### Work task:
What is needed is an exact copy of the data below, pictures excluded.

### The data:
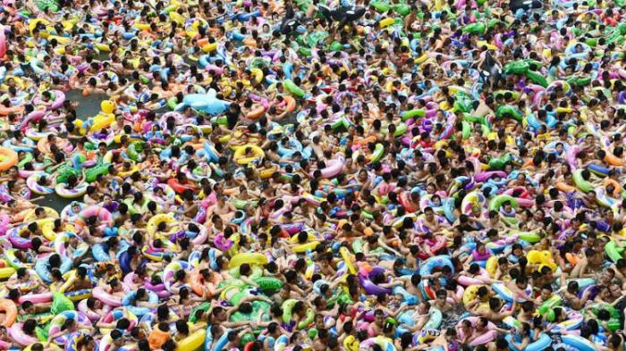 Bukan lagi kolam air, tapi kolam renang ini justru mirip lautan manusia.
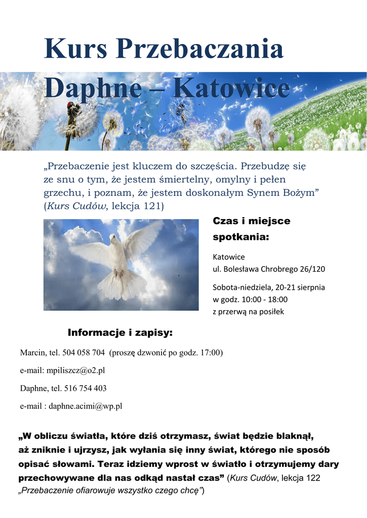 Kurs Przebaczania Daphne – Katowice „Przebaczenie jest kluczem do szczęścia. Przebudzę się ze snu o tym, że jestem śmiertelny, omylny i pełen grzechu, i poznam, że jestem doskonałym Synem Bożym” (Kurs Cudów, lekcja 121) Czas i miejsce spotkania: Katowice ul. Bolesława Chrobrego 26/120 Sobota-niedziela, 20-21 sierpnia w godz. 10:00 - 18:00 z przerwą na posiłek Informacje i zapisy: Marcin, tel. 504 058 704 (proszę dzwonić po godz. 17:00) e-mail: [email protected] Daphne, tel. 516 754 403 e-mail : [email protected] „W obliczu światła, które dziś otrzymasz, świat będzie blaknął, aż zniknie i ujrzysz, jak wyłania się inny świat, którego nie sposób opisać słowami. Teraz idziemy wprost w światło i otrzymujemy dary przechowywane dla nas odkąd nastał czas” (Kurs Cudów, lekcja 122 „Przebaczenie ofiarowuje wszystko czego chcę”)
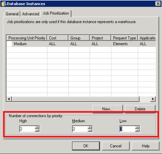 All Data Import cube publishing jobs are currently initiated as low-priority jobs. The Number of connections by priority setting controls the number of processes that are available to in-parallel fetch data from external locations and read into memory. This setting specifies the total pool of processes available at the server level for the specific type of Data Import.

### Task output:
 Bukan lagi kolam air, tapi kolam renang ini justru mirip lautan manusia.
 Kurs Przebaczania Daphne – Katowice „Przebaczenie jest kluczem do szczęścia. Przebudzę się ze snu o tym, że jestem śmiertelny, omylny i pełen grzechu, i poznam, że jestem doskonałym Synem Bożym” (Kurs Cudów, lekcja 121) Czas i miejsce spotkania: Katowice ul. Bolesława Chrobrego 26/120 Sobota-niedziela, 20-21 sierpnia w godz. 10:00 - 18:00 z przerwą na posiłek Informacje i zapisy: Marcin, tel. 504 058 704 (proszę dzwonić po godz. 17:00) e-mail: [email protected] Daphne, tel. 516 754 403 e-mail : [email protected] „W obliczu światła, które dziś otrzymasz, świat będzie blaknął, aż zniknie i ujrzysz, jak wyłania się inny świat, którego nie sposób opisać słowami. Teraz idziemy wprost w światło i otrzymujemy dary przechowywane dla nas odkąd nastał czas” (Kurs Cudów, lekcja 122 „Przebaczenie ofiarowuje wszystko czego chcę”)
 All Data Import cube publishing jobs are currently initiated as low-priority jobs. The Number of connections by priority setting controls the number of processes that are available to in-parallel fetch data from external locations and read into memory. This setting specifies the total pool of processes available at the server level for the specific type of Data Import.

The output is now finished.